CJ welcomes proposal to set up judicial commission to appoint judges

PUTRAJAYA, WED:


Chief Justice Datuk Abdul Hamid Mohamad said today he welcomed the proposal to set up a commission to appoint judges and other senior judicial officers if it would help regain the confidence of the public in the Judiciary, and the Executive in relation to the Judiciary.



“I have been asked many times for my view on the suggestion. Let me say it here. I take the stand that it is a policy decision for the Executive to make.



“If the Executive, in its wisdom, believes that it will help in identifying the right candidate, if it will help to redeem the negative perception of the Judiciary, if it will help to redeem the negative perception towards the Executive in the appointment of judges, if it will help to regain the confidence of the public in the Judiciary and the Executive in relation to the Judiciary, why not?” he said when opening the three-day Judges Conference 2008, here.



Abdul Hamid said the Executive and the Judiciary must ensure that the right people were appointed to the commission or committee that would be given the task to appoint the judges and other senior judicial officers of the Judiciary.



“They themselves must be people of integrity, knowledgeable, incorruptible, fair and without any vested interest. They should not have an agenda of their own.

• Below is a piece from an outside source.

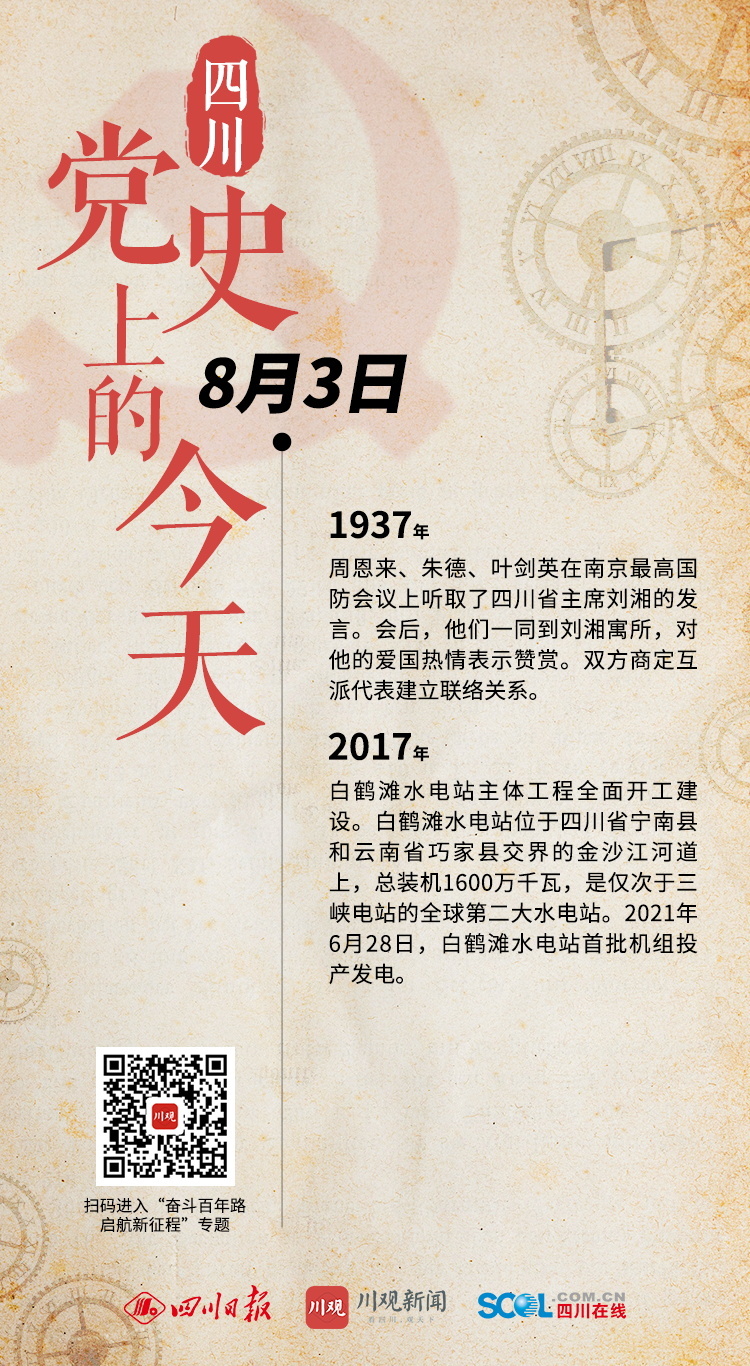 1937年 周恩来、朱德、叶剑英在南京最高国防会议上听取了四川省主席刘湘的发言。会后,他们一同到刘湘寓所,对他的爱国热情表示赞赏。双方商定互派代表建立联络关系。 2017年 白鹤滩水电站主体工程全面开工建设。白鹤滩水电站位于四川省宁南县和云南省巧家县交界的金沙江河道上,总装机1600万千瓦,是仅次于三峡电站的全球第二大水电站。2021年6月28日,白鹤滩水电站首批机组投产发电。 来源:川观新闻 |
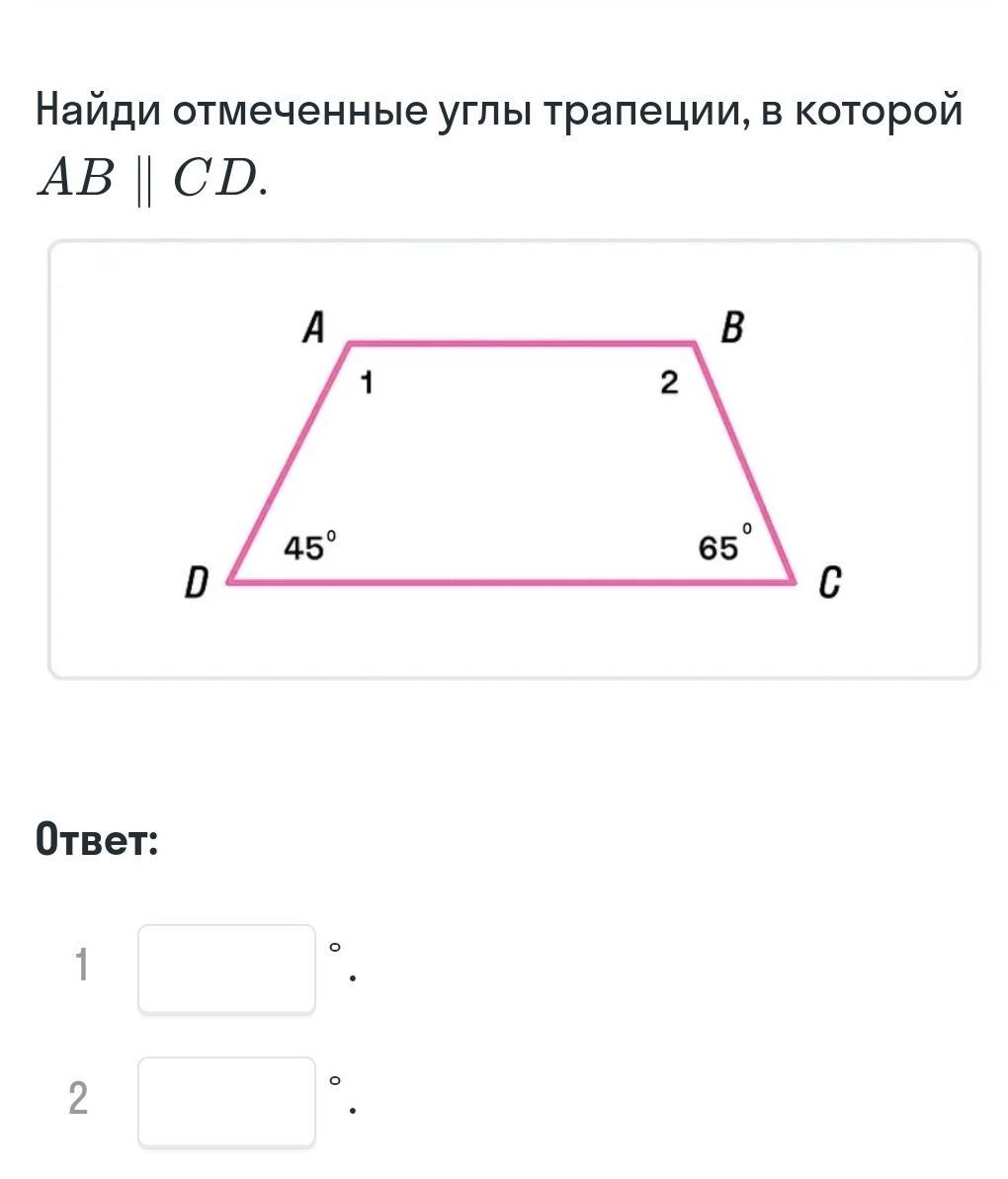 ∠1 + 45° = 180° и ∠2 + 65° = 180°.

Neither should they be the conduit for lobbying for the judgeship,” he said.


On the 1988 judicial crisis, Abdul Hamid, who had refrained from responding to the proposal by Minister in the Prime Minister’s Department Datuk Zaid Ibrahim that the Government should issue an apology to former Lord President Tun Salleh Abas and two other former Federal Court judges who were sacked, finally made known his stand today.



He said it was a policy decision for the Executive to make and that if the Executive, in its wisdom, believed that it was a proper thing to do, he would welcome the move.



“After all, in that episode, the Judiciary was on the receiving end,” he said.



Salleh, who had ascended to the position of Lord President in 1984 and had presided over several high profile cases, was dismissed for alleged misconduct following a tribunal hearing in August 1988. Two Supreme Court judges who had earlier granted him an injunction order against the tribunal were also dismissed.



Abdul Hamid, in his speech, also commented on the practice of some judges who did not write their judgments themselves but asked their respective research officers to draft the judgments, which he regarded as a misconduct and one which might encourage corruption.


The chief justice said the Malaysian judiciary should not adopt the system practised by the judiciary in the United States where the clerk of a judge drafted the judge’s judgment.



“Judgments are something that every judge should be proud of. They are something very personal. They reflect our knowledge, our intellectual honesty, our analytical power, our ability to grasp the issues, our ability to think straight or otherwise, our ability to express ourselves clearly or whether we ourselves are confused, our command of the language, our style of writing, indeed our whole character,” he said.



“I do not understand why any judge would not want to be proud enough to produce his or her own literary masterpieces,” Abdul Hamid said, adding that if it was the research officer who drafted the judgement, then how could he (the research officer) make the judge’s observation of the witnesses’ demeanor.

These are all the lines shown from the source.